I had an abortion in 2019.the main reason I had one was because the father of the child had left me and I was alone and pregnant I just could not face it to go through another pregnancy alone and no work as I did with my first child I now have nightmares and feel guilty of the sin I did I no longer feel like going on with life I feel like just giving up I eventually told my family last year about the abortion but the regret I feel it building up everyday I feel like I was so selfish for taking that decision got worse my sister had a beautiful baby last year November 2020
I don’t enjoy company of any1 now I’m constantly crying the pain I just too much worse when you have no one to share what you feel with 🥺 recently been having suicidal thoughts
I was 18 years old. Was in a great relationship but ended up getting sexually assaulted. My life changed after that. Already not having real family or support… everything went downhill just for me to discover I was 22 weeks pregnant.. having no idea up until that point. Me not knowing if my baby was from the person who hurt me or the one who loved me. This broke me. Being so young and having dealt with so much trauma in my life I was scared. My boyfriend pushed for me to get the abortion even though deep down I did not want it.
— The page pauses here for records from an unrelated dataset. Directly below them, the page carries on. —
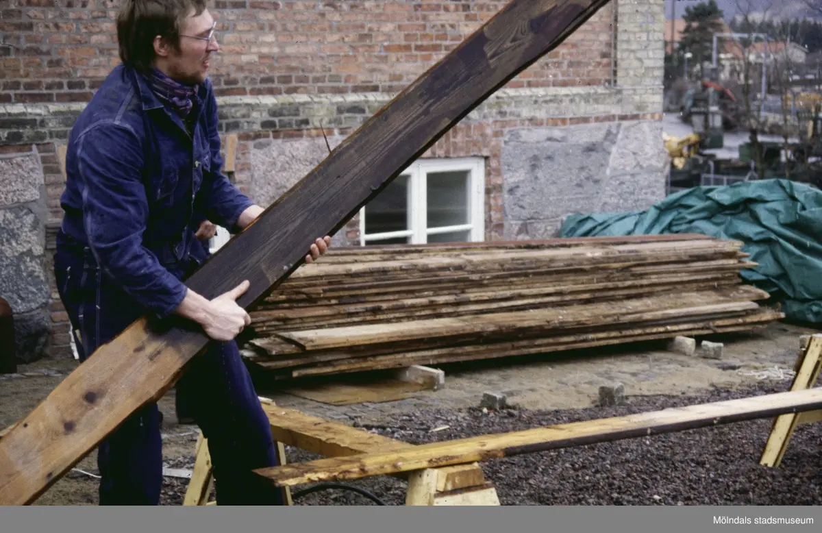 En man lyfter en bräda. Exteriörfoto från upprustningen av Mölndals Museum på Norra Forsåkersgatan 19 (Kallkällan 1) år 1985.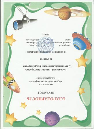Благодарность за участие в конкурсе "Космические дали"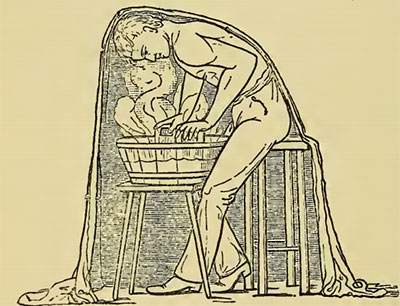 Приготовляется она так: На стул для сидения расстилается широкое и плотное шерстяное одеяло (в длину). На стул садится пациент, обнажив ноги и нижнюю часть тела. Пред ним ставят ушат, посудину (рис. 9 и 10), как и для головной ванны, наполненный кипятком более, чем до половины. На верхних краях посудины, по сторонам ушек помещают две неширокие дощечки, на которые можно было бы поставить ноги. Дощечки эти нужно укрепить как-нибудь, чтобы пациенту не нужно было бояться обварить ноги от соскальзывания. Когда больной занял уже место, то посудину обворачивают и закрывают плотным шерстяным одеялом так, чтобы пар не пропадал, а подымался по одеялу, как по трубе (рис. 11). Для ножных ванн я употребляю вскипяченные отвары из сенной трухи, но менее крепкие. Как и в вышеупомянутой ванне (для головы), можно усилить выделение и действие паров, опуская раскаленный кирпич в воду, минут 5–10 после начала ванны, бросать кирпич не годится, так как кипящие брызги могут причинить ожоги. Число раскаленных кирпичей и продолжительность ванны обусловливаются, конечно, силой желаемого действия. Иногда нужно, чтобы потели только нижняя части ног – например, при страданиях ножным потом, иногда должны потеть ноги и бедра, часто и живот, даже все тело. Для самого легкого действия ванна длится минут 15–20, и достаточно одного раскаленного кирпича или камня, для наиболее сильного действия нужно 25–30 минут, и раскаленные камни нужно опускать каждые 5–10 минут.

I had a week after finding out to make a decision. I didn’t want to hurt the people around me or make their lives harder. But it was a baby’s life.. No matter who he was from he was still mine. I got the abortion at 22 weeks 6 days and believe me it was not easy. I was alone. I donated the remains to science knowing if my family found out they would had cut me off. I kept the ultrasounds and footprints. My boyfriend left me immediately after. Losing a baby is one of the hardest things and having to chose wether you bring a life into this world or let it go. I was traumatized. No one ever deserves that to happen to them. I still think about it everyday. I am 19 now. It may never fade but you will get through it. Know your not alone. Mourn all you need.